Theragenics Corporation TGX, a medical device company serving the
surgical products and prostate cancer treatment markets, today announced that
it has entered into a Second Amended and Restated Credit Agreement with Wells
Fargo Bank, National Association. The new three year credit agreement, which
is unsecured, replaces the $30 million credit agreement with Wells Fargo that
was set to expire on October 31, 2012. Borrowings of $22 million that were
outstanding under the old credit agreement have been refinanced under the new
$40 million credit agreement. The interest rate on outstanding borrowings
under the new credit agreement has been reduced from LIBOR plus 2.25% to LIBOR
plus 1.75%. The financial covenants in the new credit agreement are
substantially similar to the previous credit agreement.

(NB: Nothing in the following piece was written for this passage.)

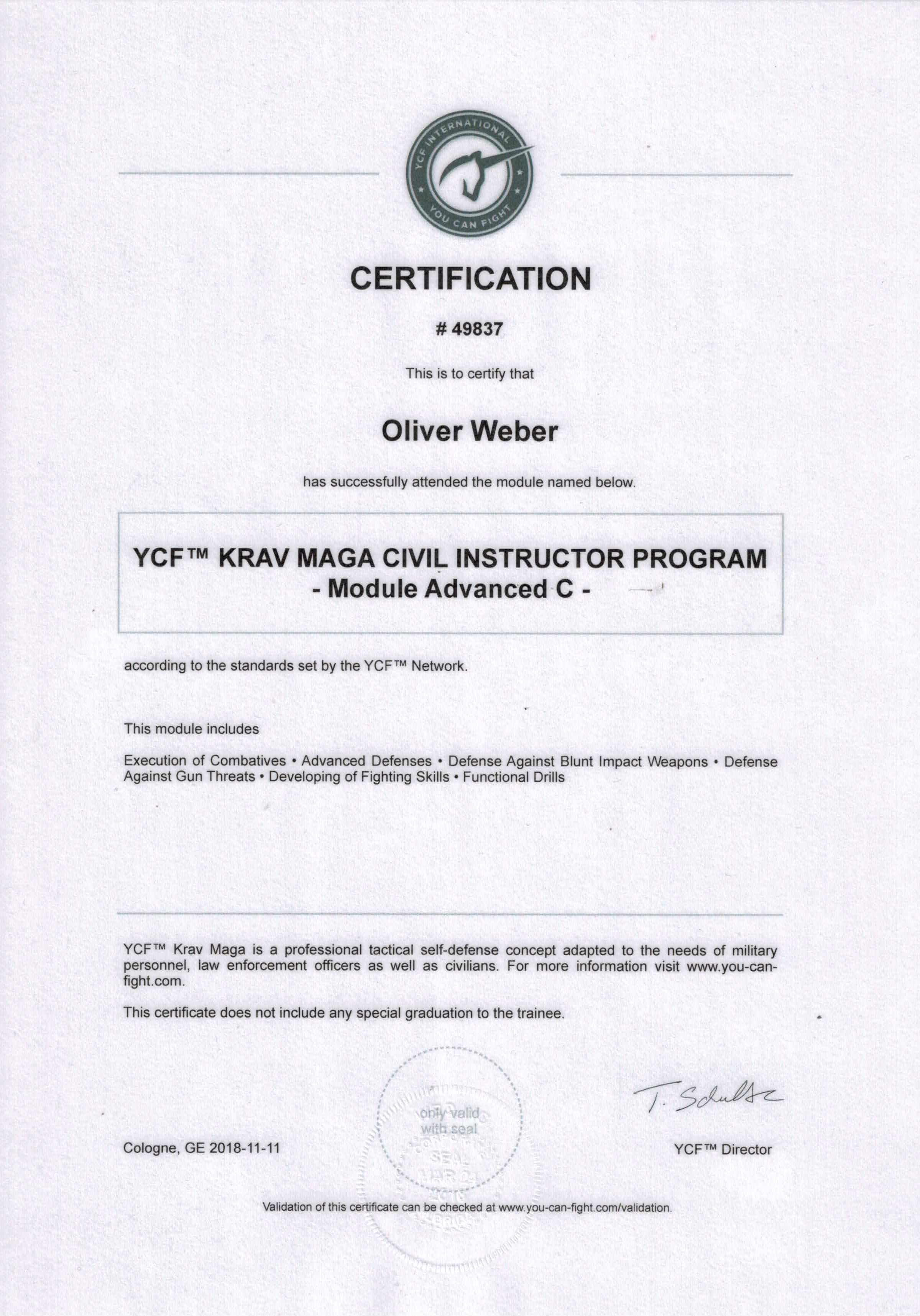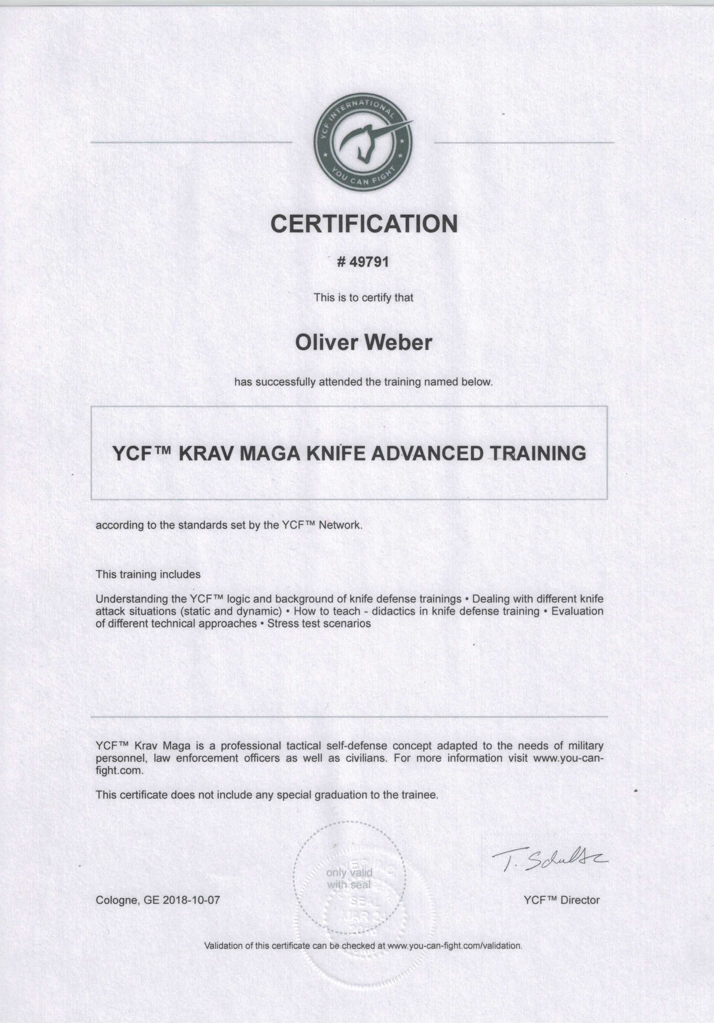 Dieser Bereich umfasst meine offiziellen Krav-Maga-Zertifikate und dokumentiert meine Qualifikation als Instructor im zivilen und behördlichen Selbstschutz.

“Obtaining our new credit agreement is a significant accomplishment,” stated
M. Christine Jacobs, Chairman and Chief Executive Officer of Theragenics. “We
believe that the increase in the available credit and the lower interest rate,
in the current credit environment, is attributable to our strategy, our focus
on cash flows and the strength of our balance sheet. With this new credit
agreement in place we can continue to focus on our strategy of growth and
diversification.”
Under the new amended and restated credit agreement, the $40 million revolving
line of credit matures on October 10, 2015, with interest payable at LIBOR
plus 1.75%. $22 million in revolving loans are currently outstanding under
this revolving line of credit. The new credit agreement is unsecured but
provides for a lien to be established on substantially all assets of the
Company if certain events of default occur. Provisions of the new credit
facility require the Company to maintain a minimum cash and investment
balance, as defined in the agreement, of $10 million. The terms also require
the maintenance of certain minimum financial covenants, including a minimum
fixed charge coverage ratio and a maximum debt to tangible net worth.